Re: data corruption with nvidia chipsets and IDE/SATA drives

[Date Prev][Date Next][Thread Prev][Thread Next][Date Index][Thread Index]

 



Am Sonntag, 3. Dezember 2006 02:17 schrieb Kurtis D. Rader:
> On Sat, 2006-12-02 01:56:06, Christoph Anton Mitterer wrote:
> > The issue was basically the following: I found a severe bug mainly by
> > fortune because it occurs very rarely.  My test looks like the following:
> > I have about 30GB of testing data on my harddisk,... I repeat verifying
> > sha512 sums on these files and check if errors occur.  One test pass
> > verifies the 30GB 50 times,... about one to four differences are found in
> > each pass.
>
> I'm also experiencing silent data corruption on writes to SATA disks
> connected to a Nvidia controller (nForce 4 chipset). The problem is
> 100% reproducible. Details of my configuration (mainboard model, lspci,
> etc.) are near the bottom of this message. What follows is a summation
> of my findings.
>
> I have confirmed the corruption is occurring on the writes and not the
> reads. Furthermore, if I compare the original and copy while both are
> still cached in memory no corruption is found. But as soon as I flush the
> pagecache (by reading another file larger than memory) to force the copy
> of the file to be read from disk the corruption is seen. The corruption
> occurs with direct I/O and normal buffered filesystem I/O (ext3).
>
> Booting with "mem=1g" (system has 4 GiB installed) makes no difference.
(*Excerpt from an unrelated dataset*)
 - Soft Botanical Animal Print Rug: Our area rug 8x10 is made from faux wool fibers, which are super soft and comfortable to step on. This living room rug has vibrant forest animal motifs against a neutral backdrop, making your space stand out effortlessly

> So it isn't due to remapping memory above the 4 GiB boundary.  Booting to
> single user and ensuring no unnecessary modules (video, etc.) are loaded
> also makes no difference.
>
> The problem affects both disks attached to the nVidia SATA controller but
> not the two disks attached to the PATA side of the same controller. All
> four disks are different models. The same SATA disks attached to
> the Silicon Image 3114 SATA RAID controller (on the same mainboard)
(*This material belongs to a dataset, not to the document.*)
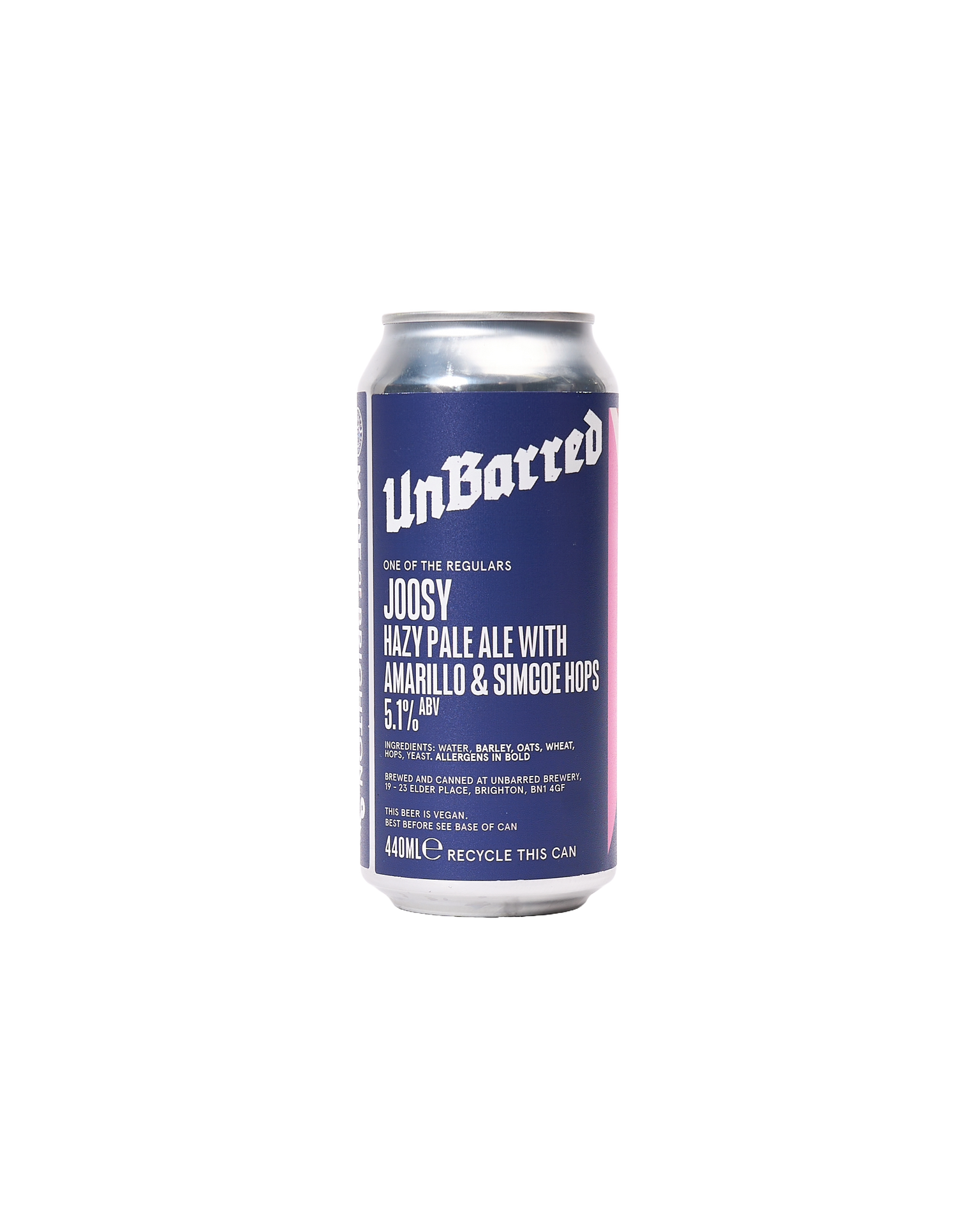 UnBarred Brewery in Brighton & Hove brews award-winning beers, embracing the city’s creative energy and bold collaborations to “Be UnBarred” in everything they do. Joosy, their flagship hazy pale ale, bursts with bold flavour. Leading with intense notes of citrus, sweet tangerine, grapefruit, and stone fruits, it’s crafted with a blend of Simcoe and Amarillo hops, a generous malt bill packed with oats, and UnBarred’s house yeast for a smooth, full-bodied sip that’s endlessly crushable. ABV: 5.1%.

> experiences the same corruption but at a lower probability.  The same
> disks attached to a Promise TX2 SATA controller (in the same system)
> experience no corruption.
>
> The system has run memtest86 for 24 hours with no errors.
>
> The corruption occurs with a 32-bit kernel.org 2.6.12 kernel (from a
> Knoppix CD), 64-bit kernel.org 2.6.18.1, and 64-bit kernel.org 2.6.19.
>
> The only pattern I can discern is that the corruption only affects the
> second four byte block of a sixteen byte aligned region. That is, the
> offset of the corrupted bytes always falls in the range 0x...4 to 0x...7.
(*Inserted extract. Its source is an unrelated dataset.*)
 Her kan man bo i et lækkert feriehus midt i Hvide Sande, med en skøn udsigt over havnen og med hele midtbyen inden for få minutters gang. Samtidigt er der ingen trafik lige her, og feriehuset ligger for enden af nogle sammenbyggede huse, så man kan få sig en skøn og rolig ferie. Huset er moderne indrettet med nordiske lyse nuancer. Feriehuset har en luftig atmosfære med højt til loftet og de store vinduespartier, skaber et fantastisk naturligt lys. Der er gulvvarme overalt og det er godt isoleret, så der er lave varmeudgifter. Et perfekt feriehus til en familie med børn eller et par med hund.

> For example, here are a few representative offsets of corrupted bytes
> from one test of many:
>
>     0x020f4554
>     0x020f4555
>     0x020f4556
>     0x020f4557
>     0x020f4555
>     0x1597f1d4
>     0x23034ee5
>     0x2dfd08d4
>     0x33690b14
>     0x33690b15
>     0x33690b16
>     0x33690b17
>
> Approximately half the corruption involves all four bytes of the second
> four byte word of the 16 by aligned region. The remaining instances show
> one, two or three bytes being corrupted. There is no pattern that I can
> discern to the corruption. It is definitely not anything as simple as the
> correct bytes being replaced with zeros or specific bits being forced to
> a zero or one state or flipped.  Copying a 2 GiB file typically results
> in between five and thirty bytes being corrupted. Back to back tests
> copying the same file results in different bytes being corrupted.
>
> The problem appears to be sensitive to the data pattern. Some files can be
> copied repeatedly without corruption. But others will exhibit corruption
> 100% of the time when attached to the nVidia SATA controller and over 50%
> of the time when connected to the Sil 3114 controller.
>
> I have tried direct I/O with varying transfer sizes from 1 KiB to 128 KiB
> (I have not tried single sector I/O).  Corruption occurs with all block
> sizes. If I execute an I/O loop like this the corruption does not appear
> to occur:
>
>     while direct read 64 KiB original
>         direct write copy
>         direct read + verify copy
>     done
>
> But that is tentative as I've only done two such tests at this time.
>
> A coworker has hypothesized that this may be a consequence of bus
> crosstalk. That it doesn't happen when using the Promise TX2 controller
> suggests that if it is a HW bus problem it isn't a hypertransport or
> memory bus problem.
>
> Configuration Details
> =====================
> Mainboard: ASUS A8N-SLI Deluxe with nForce 4 chipset
> BIOS:      1016 (original) and 1805 (upgraded to in attempt to resolve)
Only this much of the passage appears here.